Possible Better Enzyme For CRISPR Gene Editing

5 years, 8 months ago

11301  0
Posted on Aug 05, 2018, 8 p.m.

CRISPR-Cas9 gene editing systems are very promising for their potential to treat diseases caused by gene irregularities, off target effects threaten to delay its development. University of Texas scientists are proposing replacing Cas9 protein with Cas12a may address CRISPR’s shortcomings, as published in the journal Molecular Cell.

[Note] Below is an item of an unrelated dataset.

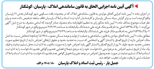 در اجرای ماده ۱۰ آیین نامه اجرایی الحاق مواردی به قانون ساماندهی املاک که در محدوده بافت مسکونی شهر کوشکنار بخش ۲۱ پارسیان واقع گردیده است و برابر گزارش بنیاد مسکن پارسیان و کارشناسان اداره ثبت اسناد و املاک پارسیان فاقد سابقه تشخیص داده شده و برابر نظر هیات موضوع بندالف ماده ۷ آیین نامه مذکور رای به تنظیم اظهارنامه بنام متصرف صادر گردیده که اسامی متصرف به شرح ذیل آگهی میگردد. 1-پلاک15345 اصلی به نام قاسم ملک فرزند علی ششدانگ یکبابخانه به مساحت16/476 مترمربع واقع در شهر کوشکنار

The Cas9 protein can be considered the scalpel as it cuts the strands of DNA in CRISPR processes. Unfortunately sometimes it edits the wrong part of the genome which disturbs healthy functions rather than fixing disease causing genes, which is feared might inadvertently cause healthy cells to turn cancerous, fears that were compounded with 2 recent studies suggesting even targeted cells that are successfully edited can be more susceptible to cancer causing mutations.

According to the scientists they have found that the difference between Cas9 and Cas12a is in binding behaviors; Cas9 binds like superglue to targets, and Cas12a binds more like a velcro. Cas9 latches on to the first few letters of a target but stops there, if there is a mismatch later in the DNA strand it may get overlooked and the wrong section of the genome may be edited. Cas12a checks each pair base in targets before moving on making it possible to correct mistakes as demonstrated by the scientists in their research findings.

CRISPR safety concerns have prompted scientists to propose various methods from improving the promising technology. Stanford University and the National Institute of Standards and Technology have recently announced invention of a new gene editing system called MAGESTIC which is designed to improve the process by which edited DNA repairs itself. Scientists in Poland have said they are working on a version of CRIPSR using a variant of Cas9 to cut one DNA strand instead of two.

Safety concerns burden the CRISPR industry as a paper published in Nature Biotechnology has suggested Cas9 could cause undetectable genetic changes, a prospect which may delay human trials of CRISPR that are expected to start late 2018.

Cas12a has been suggested by other research teams to possibly be more precise than Cas9 in the past, it is not a new discovery, but previous evidence was inconclusive according to the scientists at the University of Texas who believe further development of Cas12a may make an error proof gene editing system possible.

Cas12a is a better protein in general but some areas still are blind to some mispairing between RNA and genomic targets, what their work does is show a path forward towards improving Cas12a and gene editing further says Ilya Finkelstein assistant professor of molecular bioscience at the University of Texas, Austin.